Pasamos por una situación similar en la fase última del terrorismo de ETA. Las derechas reclamaban mano dura e intransigencia, pero el Gobierno de José Luis Rodríguez Zapatero, tras dos años sin atentados mortales, decidió explorar vías dialogadas y, gracias a ello, que era anatema para los paladines de la confrontación, se abrió una grieta entre la organización terrorista y su brazo político que fue decisiva para acelerar el final de ETA.
Si nuestra transición a la democracia fue exitosa se debió al hecho de que las principales fuerzas practicaron una política de integración.
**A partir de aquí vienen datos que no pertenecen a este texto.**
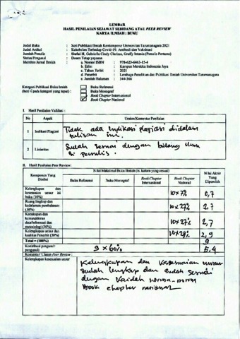 Siufui Hendrawan, hasil peer and Gabriella Cindy Clarissa, hasil peer and Graffy Intania, hasil peer (2021) Seri Publikasi Ilmiah Kontemporer Universitas Tarumanagara 2021. In: Kekebalan Terhadap Covid-19: Antibodi dan Vaksinasi. Kampus Merdeka Indonesia Jaya, - (-). Universitas Tarumanagara, -, pp. 344-366. ISBN 978-623-6463-15-4

Dejaron la confrontación a un lado y construyeron un sistema político, con imperfecciones por supuesto, pero amplio, capaz de integrar a actores con intereses y valores muy distintos. Cada vez que la democracia española ha hecho esfuerzos por ensancharse y dar cabida incluso a aquellos que en su momento la negaron, los resultados han sido positivos para el país. En cambio, los episodios de confrontación, ya sea del centro con la periferia o de la periferia con el centro, solo han llevado a situaciones de bloqueo y de degradación de los valores democráticos.
¿Cuántos episodios de integración exitosa han de acumularse antes de que los ideólogos de la confrontación reconsideren sus posiciones? Parece como si prefirieran cargarse de razones, con independencia de los resultados que sus planteamientos produzcan en la realidad. El manifiesto anti-Illa ha sido la última manifestación, ya con ciertos tintes autoparódicos, de ese espíritu de batalla que se fraguó en la lucha contra el terrorismo y que luego se ha enarbolado como solución para los problemas seculares que arrastramos de integración en una sociedad histórica y constitutivamente diversa y múltiple. Permítanme que acabe con una recomendación no solicitada: lean el libro de Eduardo Manzano España diversa y saquen conclusiones.